Chiromo went on to teach at the University of Malawi. He rose to senior lecturer and head of the fine art section in the Department of Fine and Performing Arts at Chancellor College. Chiromo has inspired artists around the world including David McCurry who studied under him whilst in Malawi.

==Art==
Chiromo's oil paintings were sometimes built up with fabric, sand or pebbles to produce a deep relief and three-dimensional effect. He once noted that, "Africans express (themselves) better in three-dimensional arts. He regularly used different canvas shapes straying away from the more traditional rectangular canvas.

===Notable works===
- Mother and Child panel, 1993 at Chapel of the White Fathers
- Vocation of the Apostles, 1993 (privately owned)

===Exhibits===
Chiromo's paintings became popular internationally in the 1980s.
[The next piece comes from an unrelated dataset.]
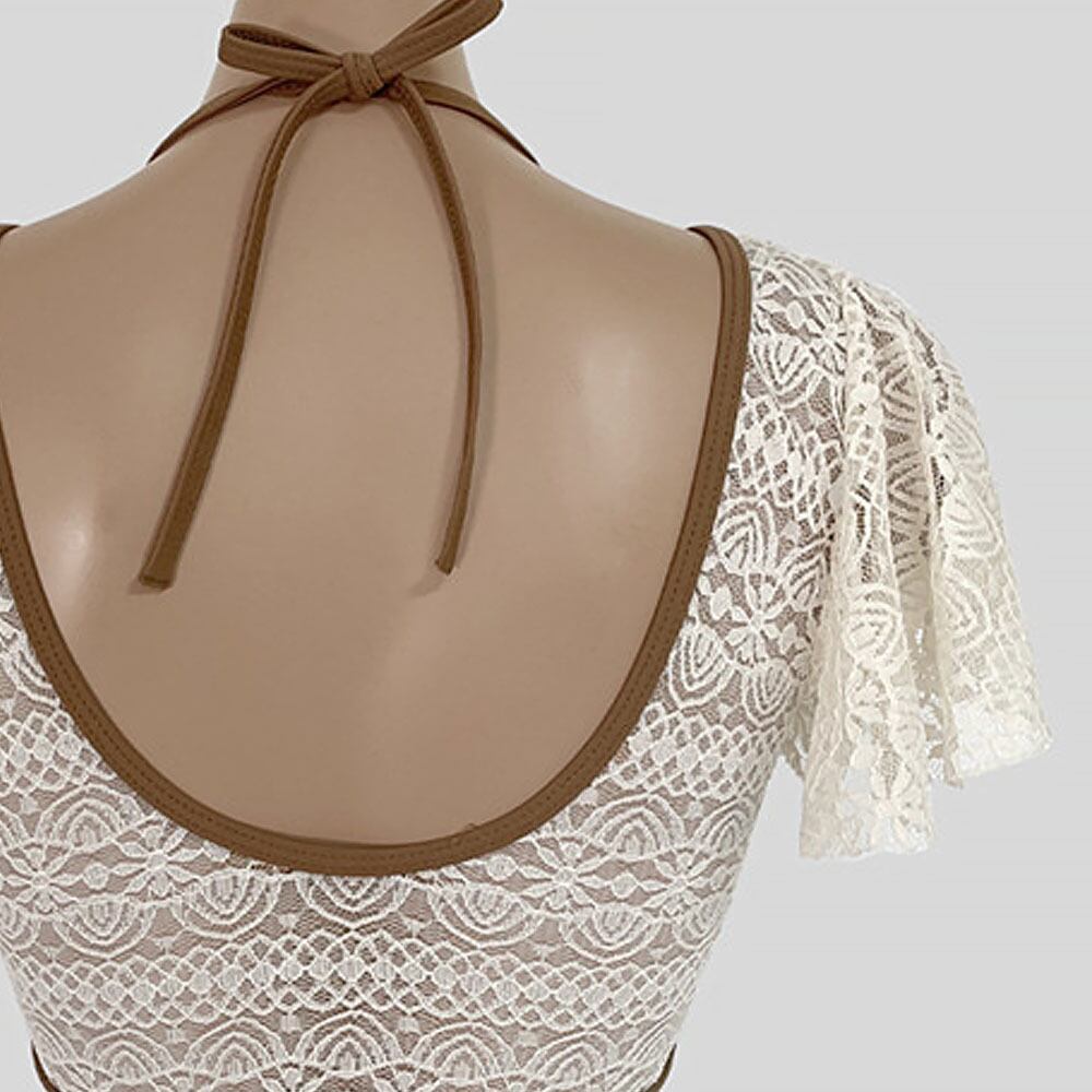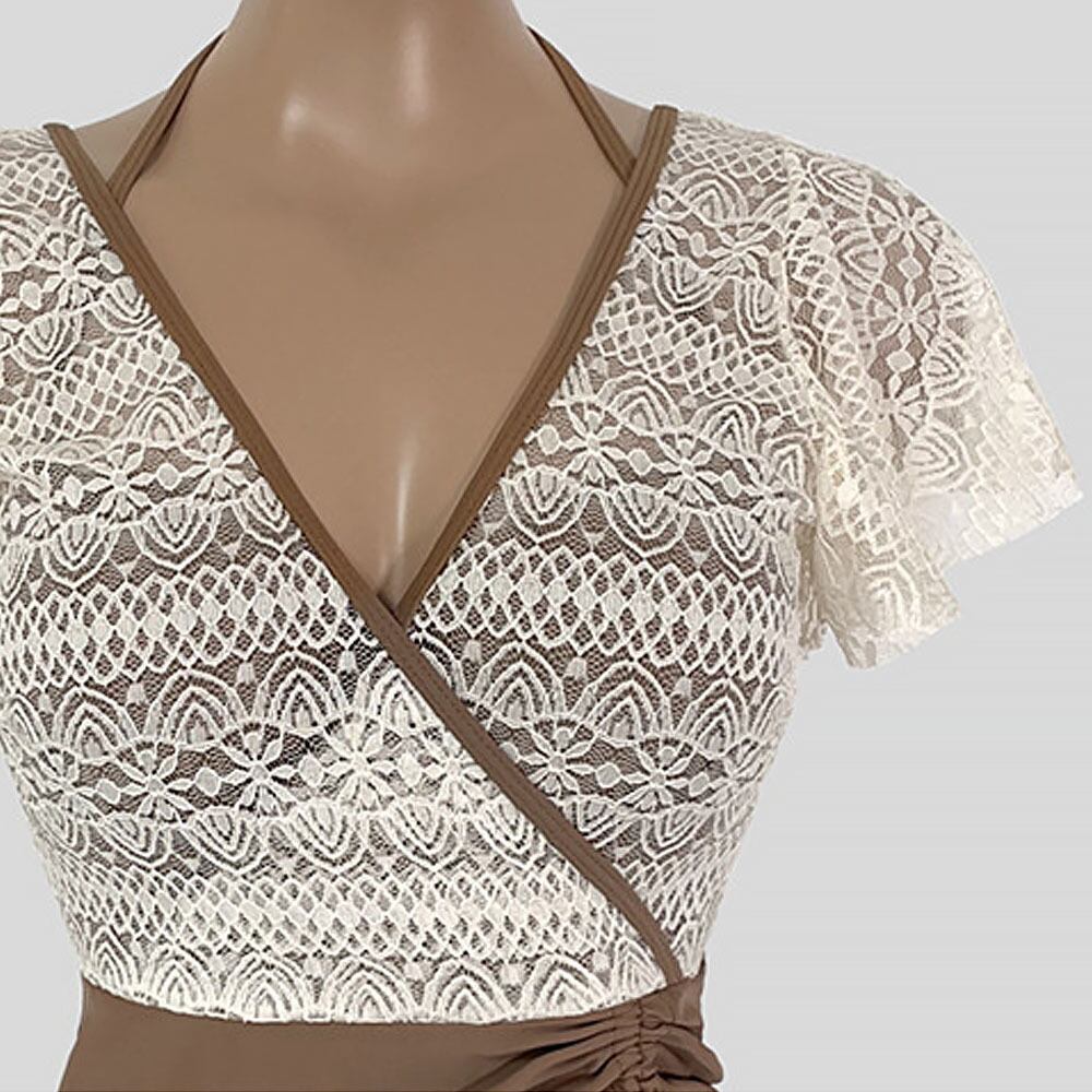 水着 袖付きカシュクールワンピース 半袖 レース重ね レース スカート付き ドロストスカート ホルターネック 二の腕カバー Vネック カシュクール風 フレアスリーブ パイピング 茶色 ブラウン 胸パッド付き ワイヤーあり かわいい 大人可愛い カジュアル エキゾチック エスニック 大きいサイズ 華やか 大人 おしゃれ 主役級 存在感 女っぽ キュート レディース M L LL 韓国コーデ 韓国ファッション 韓国コーデ 韓国ファッション

They have been exhibited in galleries and exhibitions in the United States, Zambia, England, Canada and South Africa.

==Publications==
- The Art of Kay Chiromo: A Memorial and a Celebration of His Work, Malawi National Commission for UNESCO (Book), Chiromo, Kay – 1997
- A Survey of Malawi Articrafts, Chiromo, Kay – 1993
- Visual arts of Malawi [videorecording], Chiromo, Kay −1991

===Publications by others===
- A Cameraman's Tale: Focus and Perspective in Kay Chiromo's Visual Arts of Malawi, Journal of Humanities,(Journal), W. Msosa, 1996

==Personal==
Kay Chiromo died in 1994, but his artistic legacy can be seen throughout Malawi. The UNESCO-sponsored book collection of his work was written by him but published after his death. There was also an annual national literary competition, the 'Kay Chiromo Literary Competition' named in his honour from 1995 to 1999. Award-winning essays from this collection have been published in books such as the 'Wildlife and Environmental Essays: Prize Winning Essays from the Kay Chiromo Competition 1995–1999' Chiromo died in a car accident in 1994.